2. Orientation: By default, build direction is defined as the Z axis (vertical from the build plate). How a part comes together inside the build chamber can create new problems related to surface finish, build time and the need for support structures.
3. Support structures: Renishaw advises its customers that it is a bad engineering practice to over-rely on supports to overcome an orientation issue in AM part production. “Excessive reliance on supports is an indicator of a ‘marginal’ part geometry.”
4. Optimization: Topological optimization, including internal lattice structures, is increasingly being used in design for AM. Topological optimization should not be confused with functional optimization; tradeoffs between the two may be required to reach an optimal design for AM.
“The promise of additive manufacturing is virtually unlimited design freedom, but designers have a hard time understanding how to access that design space,” says Brent Stucker, Ph.D., director of additive manufacturing at ANSYS. His colleague Justin Hendrickson tells of a situation where a company printed a metal foam structure designed to be optimal for strength-to-size ratio. A computed tomography scan revealed “the printed shape was not very close to the original,” says Hendrickson, because there was no accounting for the stresses.

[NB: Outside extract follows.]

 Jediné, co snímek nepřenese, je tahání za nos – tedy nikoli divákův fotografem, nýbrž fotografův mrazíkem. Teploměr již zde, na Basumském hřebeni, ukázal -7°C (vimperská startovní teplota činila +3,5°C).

Adding GPUs to the Process
In 2018 ANSYS introduced Discovery Live, a new simulation software designed to provide designers with real-time results at the concept stage. To be fast enough for use in design, Discovery Live requires the use of graphics processing units (GPU) co-processing. “Simulation software accelerated by graphical processing units can offer designers simulation results exceptionally fast,” says Andrew Rink, industry marketing strategy lead at NVIDIA.
In February, PTC released Creo Simulation Live, which is powered by ANSYS. As such, it also uses GPUs to bring real-time feedback to the company’s 3D CAD modeling environment.

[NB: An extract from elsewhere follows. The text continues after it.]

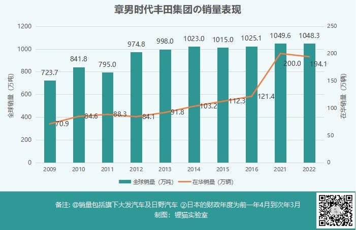 而這個曾經在豐田章男上任時挽救了豐田汽車的中國市場,如今也出現了十年來的首次下跌:2022 年豐田汽車在中國實現 194.06 萬台銷量,同比減少 0.2%。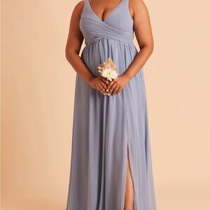 This chic sleeveless gray maxi dress offers a sophisticated look for any event. Its elegant design and subtle slit make it a perfect choice for evening occasions. In DUSTY BLUE COLOR

“GPUs are well-positioned to support the simulation process,” says Materialise’s Van den Berg, “by performing huge amounts of similar calculations on massive but homogenous data sets. As a result, we believe the GPU will play an increasingly relevant role in the AM preparation process.”

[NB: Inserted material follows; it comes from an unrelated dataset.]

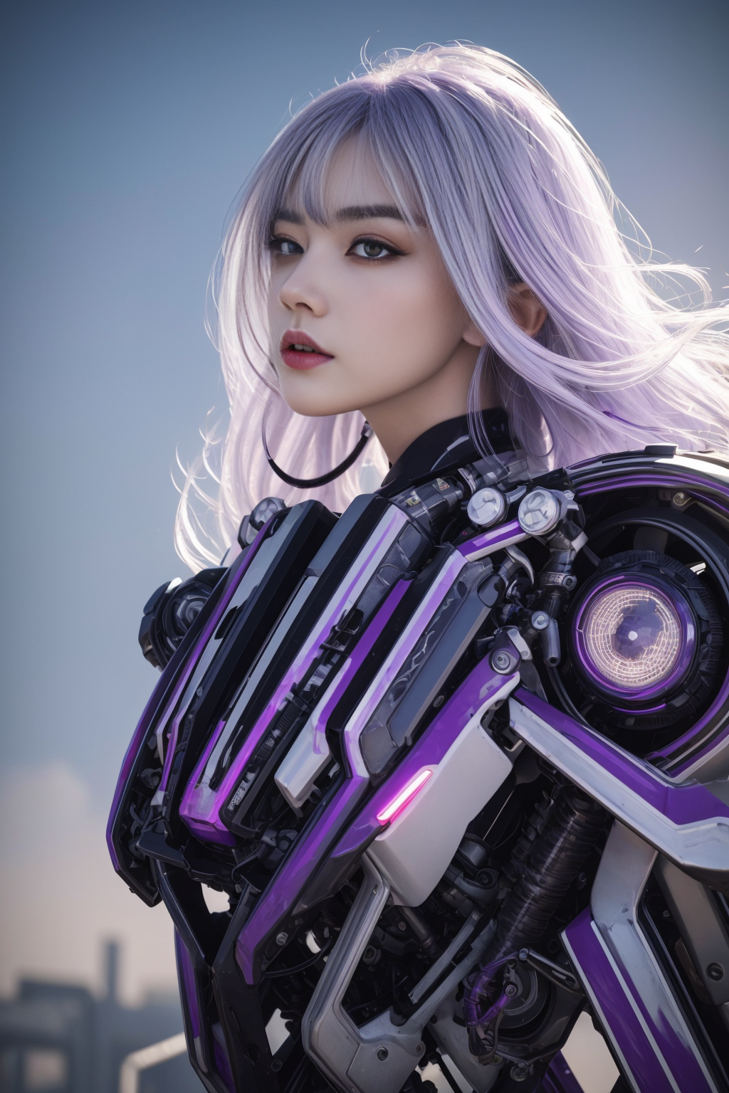<dhevv:f-style:f1>,masterpiece, best quality, illustration, beautiful detailed eyes, colorful background, mechanical prosthesis, emerging dark purple across with white hair, disheveled hair, fluorescent purple, cool movement, rose red eyes, beatiful detailed cyberpunk city, multicolored hair, beautiful detailed glow, 1 girl, expressionless, cold expression, insanity, long bangs, long hair, lace, dynamic composition, motion, ultra - detailed, incredibly detailed, a lot of details, amazing fine details and brush strokes, smooth,

AM is a multi-person workflow, notes Hendrickson. Although Discovery Live is targeted at initial design, “We want designers to think more about manufacturing. There are reasons for experts to go the last mile for design excellence,” he says. “Is part orientation a designer issue? Should designers compensate for annealing processes? How do we do tolerancing? We have a suite aiding the process, but the internal workflow also must be addressed.”
To directly attack the obstacles in metal AM simulation, Atlas 3D examined the existing approaches to simulation for AM. Most metal AM simulation users were applying one of two approaches. Many were using finite element analysis (FEA), breaking the unit into elements for the study of thermal effects, build processes and material-specific mechanical effects. Others were using inherent straining to look for stress effects to map as mechanical effects.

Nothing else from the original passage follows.